The White House issued a statement yesterday that spelled out President Obama's opposition to the House transportation bill, also known as H.R. 7. The administration's statement of policy, which coincided with the House Rules Committee hearing on H.R. 7, takes a stand in defense of transit, safety, and the environment:
H.R. 7 does not reflect the historically bipartisan nature of the Transportation and Infrastructure Committee. The Administration has serious concerns with provisions in the bill that would make America’s roads, rails, and transit systems less safe, reduce the transportation options available to America’s traveling public, short circuit local decision-making, and turn back the clock on environmental and labor protections...
Because this bill jeopardizes safety, weakens environmental and labor protections, and fails to make the investments needed to strengthen the Nation’s roads, bridges, rail, and transit systems, the President’s senior advisors would recommend that he veto this legislation.
President Obama had already endorsed the Senate's two-year transportation bill proposal, which so far has received bipartisan support. But that was before the President's budget called for $476 billion in transportation investment over six years, a proposal that goes above and beyond anything that the House and Senate have been working on. LaHood is defending the administration's transportation budget today before the Senate Budget Committee.

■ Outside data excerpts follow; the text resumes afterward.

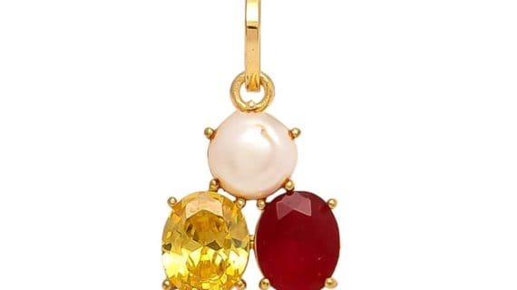 शुद्ध पीतल के पंचधातु से बना और 3 रत्न यानी पीले नीलम, मोती और रूबी से बना यह पेंडेंट सोने में जड़ा हुआ बहुत सुंदर और सुरुचिपूर्ण लगता है।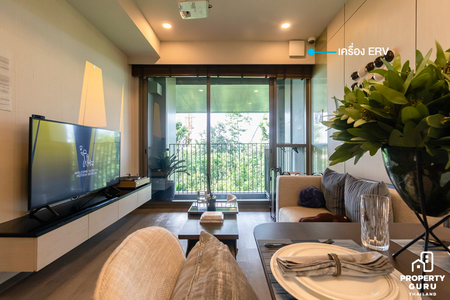 ภายในห้องนั่งเล่นมีเครื่อง ERV เป็นเครื่องแลกเปลี่ยนเพื่อนำอากาศบริสุทธิ์หมุนเวียนเข้ามาสู่ภายในห้องพักอาศัย ซึ่งจะทำงานคู่กับเครื่อง IAQ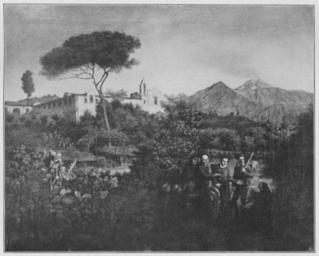 Keywords: Jahrhundertausstellung 1906 KatNr. 1855c.jpg author Italienische Landschaft mit einem Kloster und einer Gruppe von Mönchen und Wanderern Wilhelm und Rudolf Schadow 1810 in einem Klostergarten der Franziskaner bei Neapel im Gespräch mit dem Mönch Mastai Ferretti nachmaligem Papst Pius IX Oil Canvas cm 82 5 103 Nationalgalerie Berlin lt Quelle Vorstand der Deutschen Jahrhundertausstellung Herausgeber žKatalog zur Ausstellung deutscher Kunst aus der Zeit von 1775 “1875 in der Königlichen Nationalgalerie Berlin Verlag F Bruckmann AG München 1906 2 Bände ; self scanned from own book PD-old-70-1923 Other versions ImageNote 1 10 14 1494 1190 1516 1216 2 Das bräunliche Grün spielt nach Olive Das Kloster in bräunlichem Gelbweiß Graues Gebirge Der Himmel aus gebräuntem Blau Auf der Rückseite Angabe der Namen der Dargestellten “ Angeblich von J F W Schirmer ImageNoteEnd 1 Unknown painters from Germany Jahrhundertausstellung deutscher Kunst 1906 Friedrich Wilhelm von Schadow Rudolf Schadow Paintings of Pius IX |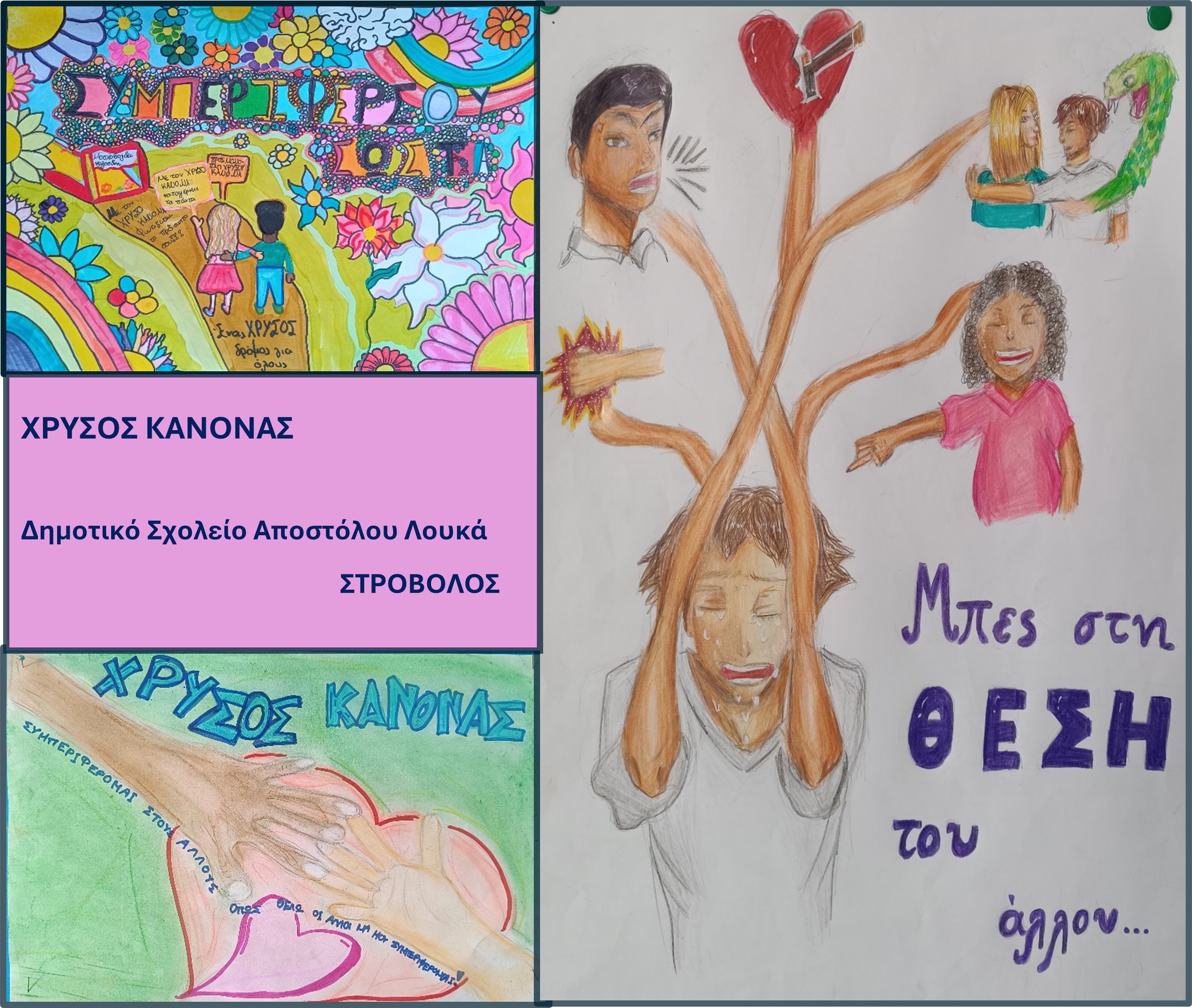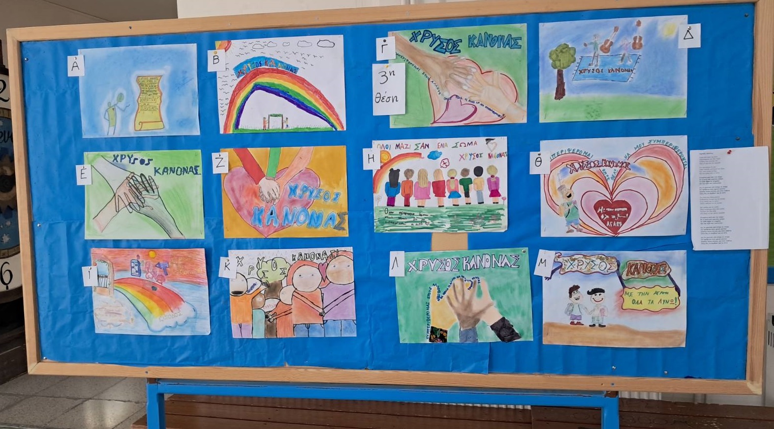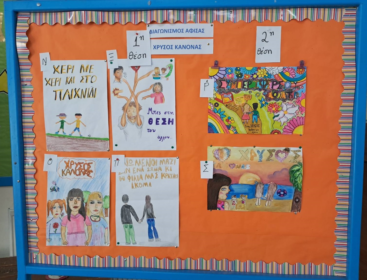 Διοργανώθηκε στο σχολείο μας Διαγωνισμός Αφίσας με θέμα τον Χρυσό Κανόνα. Στο διαγωνισμό έλαβαν μέρος τα παιδιά της Ε΄και Στ΄τάξης. Οι εκπαιδευτικοί μαζί με το μαθητικό συμβούλιο ψήφισαν για να αναδείξουν τη νικήτρια αφίσα. Δόθηκαν βραβεία και διπλώματα συμμετοχής σε όλα τα παιδιά που συμμετείχαν.

It will be interesting to see how Obama's statement affects what happens in Congress. Yesterday, House Republicans split their transportation bill into three smaller bills, which will be debated and voted on separately, presumably to maximize the chances of each part passing. The component of the bill that robs transit of dedicated funding still may not have the votes to pass. With the current extension of the last transportation bill set to expire on March 31, the House will still have to take some sort of action if H.R. 7 goes nowhere.
One thing isn't in doubt: By putting out a proposal that departs so radically from 30 years of transportation policy, begun under Ronald Reagan no less, Boehner was practically begging to start a high-profile political fight over this bill. As election season heats up and the administration responds to the House GOP's attack on transit and street safety programs, it looks like national transportation policy will continue to be in the spotlight.